I recently acquired a medium format film camera also. I went the changing bag and scanner route. Much less space than installing a darkroom.


----------



## 480sparky (Dec 30, 2014)

A darkroom isn't needed for developing film.  You only need one to make wet prints.  You can use a dark / film-changing bag if you're only going to develop the film.  Once it's in the developing tank, it's a daylight operation from there.


----------



## Nevermore1 (Dec 30, 2014)

Gary A. said:


> I recently acquired a medium format film camera also. I went the changing bag and scanner route. Much less space than installing a darkroom.

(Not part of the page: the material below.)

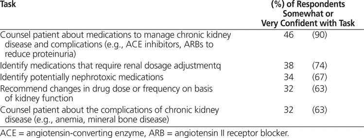 The results of the current survey indicate that respondents are receptive to continuing education about CKD complications and their management. Initial efforts should focus on areas where respondents were least confident, including dosing adjustments for renal drugs and management of CKD complications. Previous research has suggested that education programs aimed at increasing pharmacists’ competency in managing CKD increased the pharmacists’ knowledge and ability to identify and intervene on DTPs. Matzke and others8 described the implementation of a 3-day pharmaceutical care preceptorship program in the nephrology setting. The program was designed for hospital pharmacists working with mostly outpatient nephrology patients in the United States.8 A survey of the participants showed increases in the number of pharmacist interventions and improvements in clinical indicators related to anemia and the management of renal bone disease. In Quebec, a training and communication-network program was designed to facilitate pharmaceutical care by community pharmacists.14 The 6-month pilot project included a 3-h workshop, links to patients’ clinical information from CKD clinic visits, and access to a consultation service run by hospital nephrology pharmacists. Community pharmacists who participated in the program intervened more frequently for DTPs related to inappropriate dosage and inadequate medication use than their counterparts who did not participate. Laboratory test results were found to represent one of the most important sources of information for identifying DTPs, which demonstrates the value of increased access to clinical information.14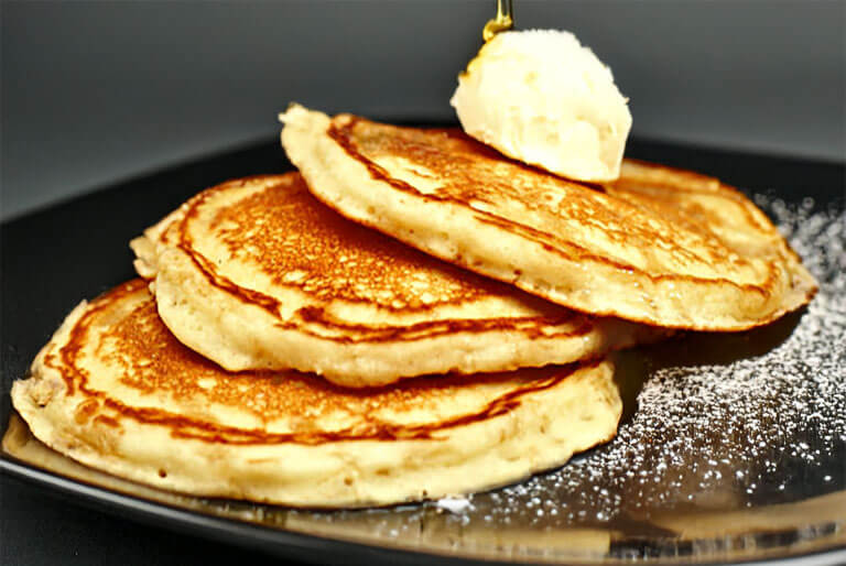 3 large, fluffy buttermilk pancakes served with butter and syrup.

I'm probably going to go this route as well until I figure out if it's something I want to keep doing.  If I do enjoy it I may expand to printing the photos as well.  I'm sticking to B&W as well.


----------



## Gary A. (Dec 30, 2014)

Good Luck. Don't forget to post.


----------



## Nevermore1 (Dec 30, 2014)

Thanks and will do.  The camera is shipping from ME to me in VA so I'm hoping it will arrive early next week and that it doesn't have any light leaks in it.


----------



## compur (Dec 30, 2014)

For in depth study of B&W film developing I highly recommend two books by Steve Anchell:
_The Darkroom Cookbook _and _The Film Developing Cookbook_


----------



## Nevermore1 (Dec 30, 2014)

compur said:


> For in depth study of B&W film developing I highly recommend two books by Steve Anchell:
> _The Darkroom Cookbook _and _The Film Developing Cookbook_



Thanks, I was able to get the first one on my nook but will have to order the second one.


----------



## christopher walrath (Jan 1, 2015)

If you are looking for an all-encompassing book to get the creative juices flowing migght I suggest Way Beyond Monochrome by Ralph Lambrecht and Chris Woodhouse.  It is a pretty hefty book but it is chock full of 'Get Your Film On'.


----------



## Gary A. (Jan 1, 2015)

Don't forget "The Negative" by  .... wait for it ... Ansel Adams.


----------



## christopher walrath (Jan 1, 2015)

Well, that would be a foregone conclusion, now, wouldn't it?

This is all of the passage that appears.